I have a Pandas dataframe like this :
id A B
0 1 toto tata
1 1 toto tata
2 2 titi tutu
3 2 titi tutu
4 3 toto tata titi
5 3 toto tata titi
6 3 toto tata titi
Thanks to the split
function, I can split these string values :
for i in range(len(df)):
var = output.iloc[i, 1].split(" ")
print(var)
['toto', 'tata']
['toto', 'tata']
['titi', 'tutu']
['titi', 'tutu']
['toto', 'tata', 'titi']
['toto', 'tata', 'titi']
['toto', 'tata', 'titi']
Now, I want to put these values in a new column, one value after the other :
id A B C
0 1 toto tata toto
1 1 toto tata tata
2 2 titi tutu titi
3 2 titi tutu tutu
4 3 toto tata titi toto
5 3 toto tata titi tata
6 3 toto tata titi titi
I tried to do this :
for i in range(len(df)):
var = df.iloc[i, 1].split(" ")
print(var)
for y in range(len(var)):
df.at[i, 'C'] = var[y]
But it always returns the last value of the split :
id A B C
0 1 toto tata tata
1 1 toto tata tata
2 2 titi tutu tutu
3 2 titi tutu tutu
4 3 toto tata titi titi
5 3 toto tata titi titi
6 3 toto tata titi titi
I'm missing this little detail for my algo to work but I can't find it.
CodePudding user response:
Assuming you always have as many rows in a group that there are ' ' separated items, that the groups are consecutive, and that the strings are identical per group.
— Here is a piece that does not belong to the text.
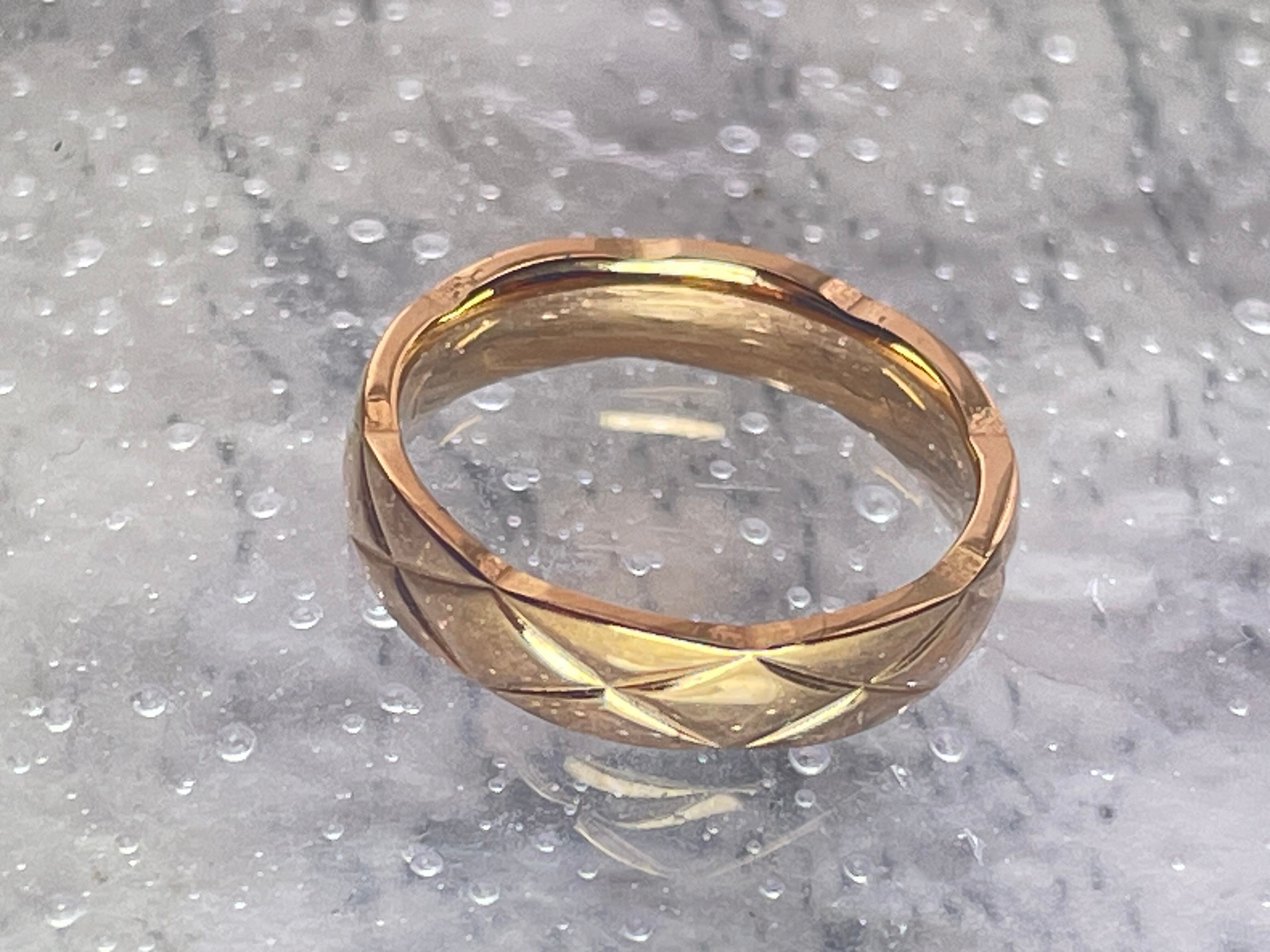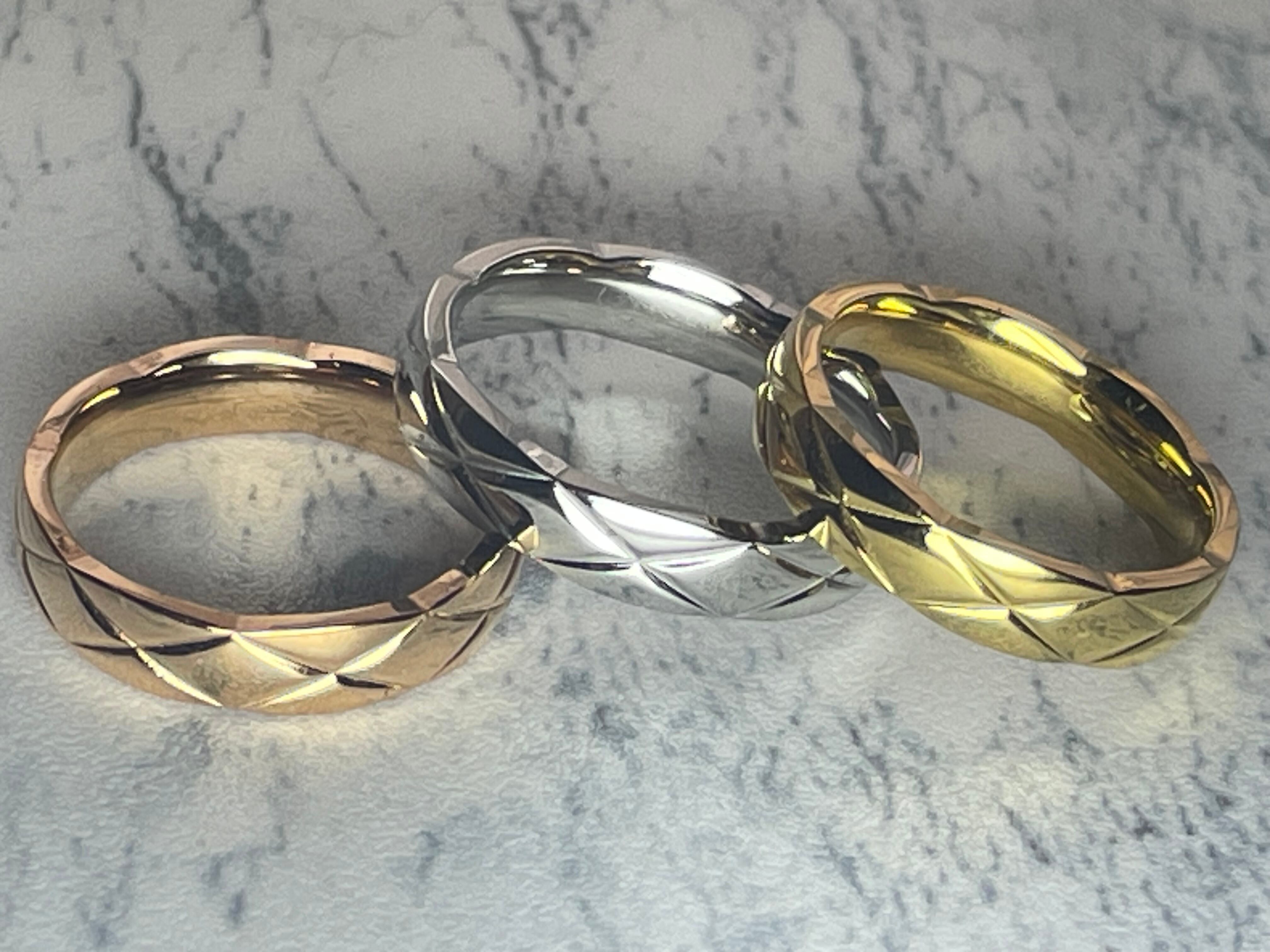 太幅のキルティングデザインが印象的な、サージカルステンレスリング。シルバー、ゴールド、ピンクゴールドの3色展開で、カジュアルからエレガントなスタイリングまで幅広く楽しめます。

A simple way is to remove the duplicates, str.split
, and explode
:
df['C'] = df.groupby('A')['B'].first().str.split(' ').explode().values
output:
id A B C
0 0 1 toto tata toto
1 1 1 toto tata tata
2 2 2 titi tutu titi
3 3 2 titi tutu tutu
4 4 3 toto tata titi toto
5 5 3 toto tata titi tata
6 6 3 toto tata titi titi
If the rows are not grouped per consecutive "group", apply the same logic per group with groupby
transform
:
Example:
# shuffle the rows to generate an example
df2 = df.sample(frac=1)
# extract the chunks
df2['C'] = df2.groupby('A')['B'].transform(lambda x: x.head(1).str.split(' ').explode().values)
output:
id A B C
4 4 3 toto tata titi toto
1 1 1 toto tata toto
0 0 1 toto tata tata
3 3 2 titi tutu titi
6 6 3 toto tata titi tata
5 5 3 toto tata titi titi
2 2 2 titi tutu tutu